Having thoroughly reviewed the time entries set forth in Plaintiff's supplemental declaration, the Court finds that the following hourly totals constitute reasonable time for Plaintiff's counsel to have worked on the motion to compel portion of the underlying motion and motion for attorney fees: eight hours for Ms. Eckman, eight hours for Mr. Berg, one hour for Mr. Walsh, and three hours for "K.Green." Multiplying these values by each relevant reasonable hourly rate yields a total lodestar figure of $5,552. The factors set forth in Kerr do not warrant an increase or a further reduction in the lodestar figure. See Kelly, 822 F.3d at 1099; Kerr, 526 F.2d at 70. Therefore, the Court finds this lodestar figure represents a reasonable award of Plaintiff's attorney fees incurred in making its motion to compel and subsequent fee application under Federal Rule of Civil Procedure 37(a)(5)(A).
As Plaintiff's supplemental declaration in support of its motion for attorney fees includes a nine-page spreadsheet with single-spaced entries for Plaintiff's claimed time and fees, the Court need not set forth a line-by-line analysis of Plaintiff's fee request. See Gates v. Deukmejian, 987 F.2d 1392, 1399 (9th Cir. 1992) (collecting cases).

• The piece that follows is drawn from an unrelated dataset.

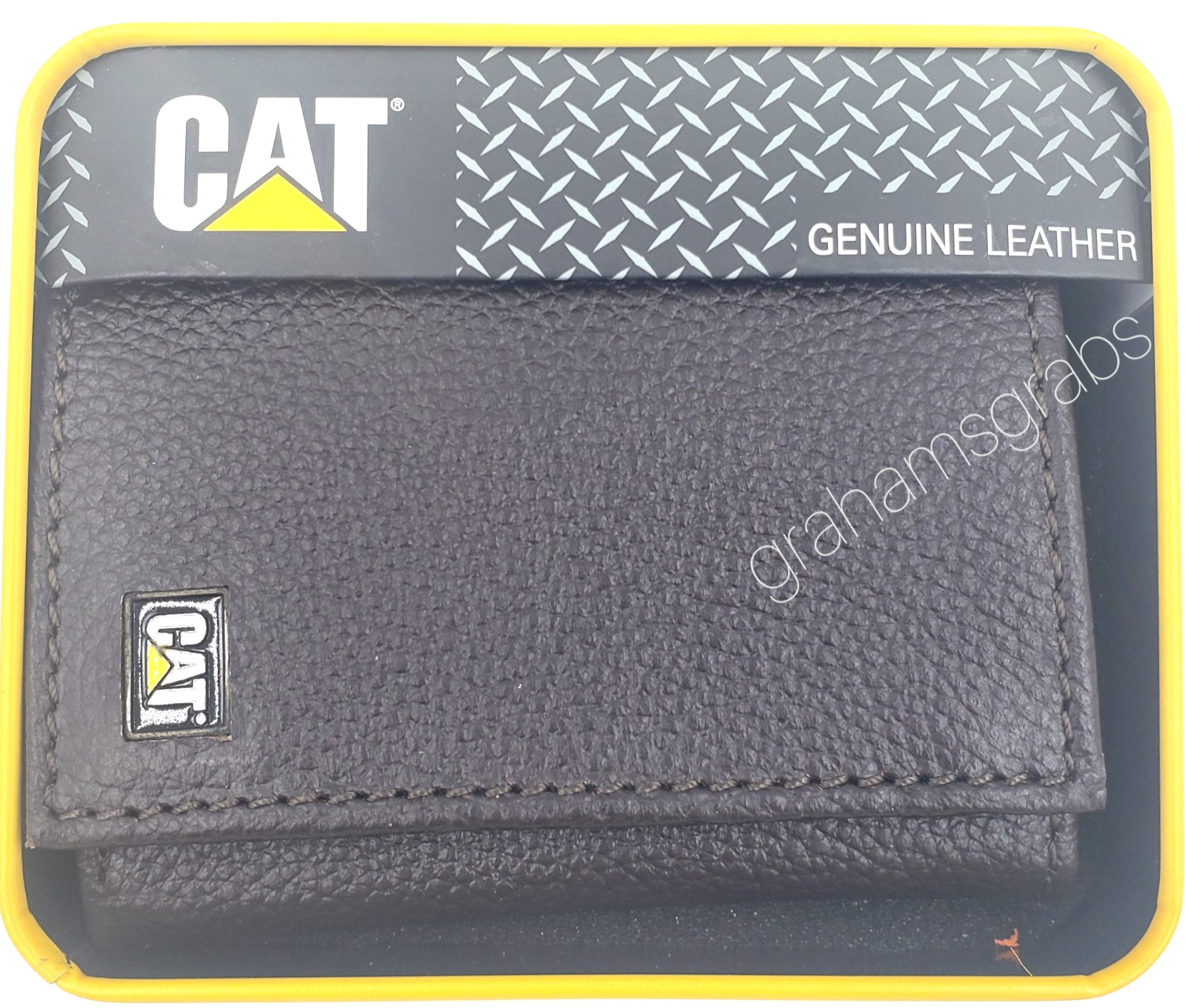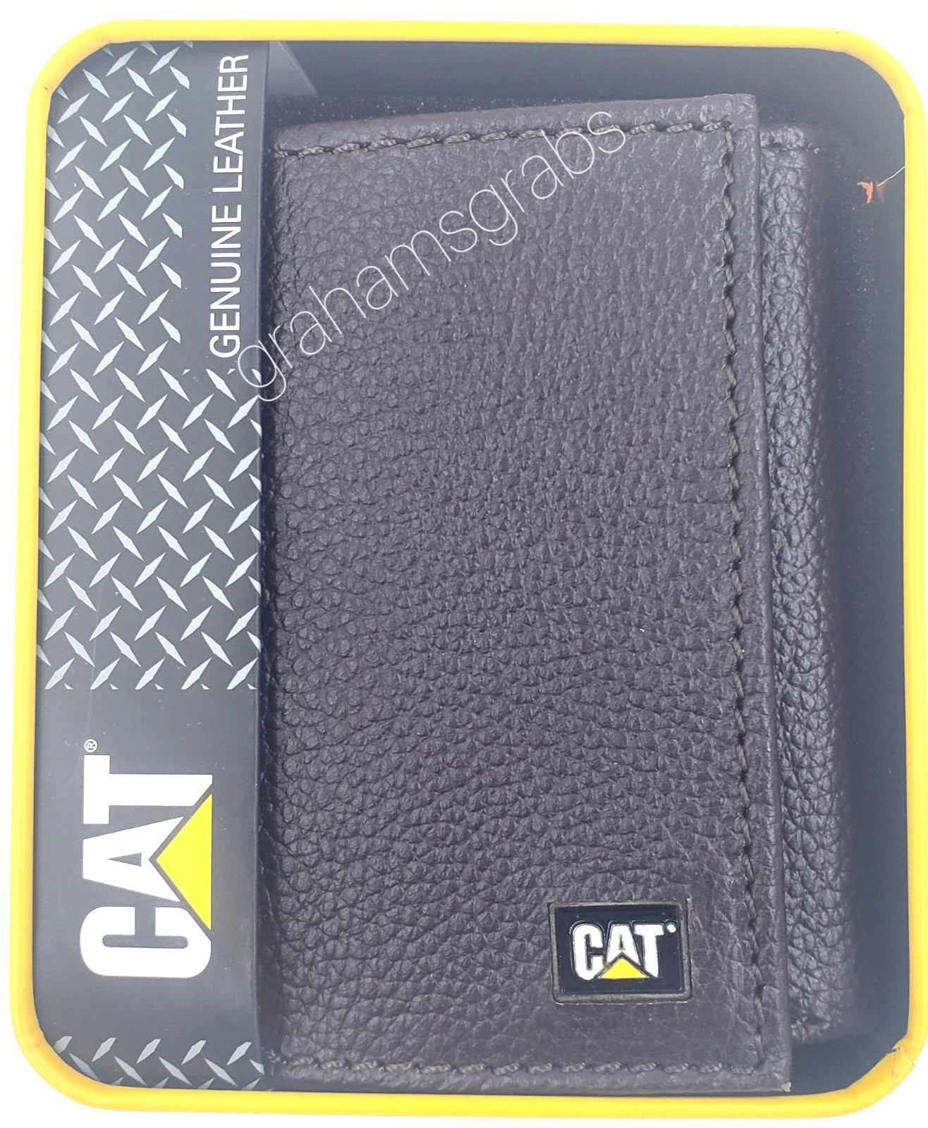 как выглядит CAT Caterpillar Mens GENUINE LEATHER RFID TRIFOLD WALLET CHOCOLATE in GIFT TIN фото

Notably, Plaintiff's motion to compel and for spoliation sanctions sought sanctions of $5,000 "for [Plaintiff's] fees and costs pursuing accurate and complete discovery responses." (See Dkt. No. 28 at 13.) Plaintiff's request sought fees to "mitigate [Plaintiff's] additional costs associated with" conducting a Rule 30(b)(6) deposition and preparing the motion to compel and for spoliation sanctions. (See id.) As the Court declined to award Plaintiff fees incurred before making its motion to compel but Plaintiff has incurred additional fees in preparing the instant motion for attorney fees, the value of Plaintiff's original fee request supports the reasonableness of the attorney fees now awarded.
III. CONCLUSION
For the foregoing reasons, and pursuant to the Court's prior order (Dkt. No. 39), Plaintiff's motion for attorney fees and costs (Dkt. No. 40) is GRANTED. Defendant is ORDERED to pay Plaintiff's attorney fees in the amount of $5,552 as a sanction pursuant to Rule 37(a)(5)(A).
DATED this 16th day of October 2019.